Suppose a manifold $M$ with a metric $g_{\mu\nu}$.
I know that the covariant derivative (I'm assuming the connection induced by the metric) of a covector is given by:
$(\nabla_X \eta)(Y)=\nabla_X (\eta(Y))-\eta(\nabla_X Y)$
Also, $\nabla g=0$. So is it true that $0=\nabla_X g(Y,-)(Z)=\nabla_X(g(Y,Z))-g(Y,\nabla_X Z)$?
I think this is wrong since in abstract index notation we usually rise indices with the metric and then use the covariant derivative which is not always 0!
Could someone clarify this to me by using "index-free" point of view versus abstract index notation?

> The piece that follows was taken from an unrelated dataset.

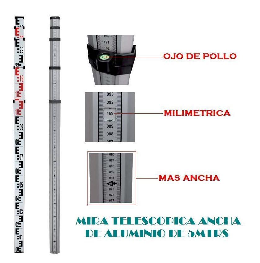 Miras telescópicas de aluminio, son muy ligeras y duraderas, impresas con tintas resistentes a la corrosión. Permite leer a distancias sin problemas, son resistentes al desgaste, permite hacer lecturas en centímetros y en milímetros gracias a que su estructura es mucho más ancha.

For any vector field $Y$, we obtain a covector field (i.e. one-form) $\eta$ given by $\eta(Z) = g(Y, Z)$. What you call $\nabla_Xg(Y, -)(Z)$ is precisely $(\nabla_X\eta)(Z)$. Using the identity in your question, we see that
\begin{align*} (\nabla_X\eta)(Z) &= \nabla_X(\eta(Z)) - \eta(\nabla_XZ)\\ &= \nabla_X(g(Y, Z)) - g(Y, \nabla_XZ)\\ &= g(\nabla_XY, Z) + g(Y, \nabla_XZ) - g(Y, \nabla_XZ)\\ &= g(\nabla_XY, Z) \end{align*}
where we have used implicitly the fact that $\nabla g = 0$ if and only if $\nabla_X(g(Y, Z)) = g(\nabla_XY, Z) + g(Y, \nabla_XZ)$ for all vector fields $X, Y,$ and $Z$ - see this question.
So we see that $(\nabla_X\eta)(Z) = 0$ if and only if $g(\nabla_XY, Z) = 0$. Furthermore, $\nabla_X\eta = 0$ if and only if $\nabla_XY = 0$.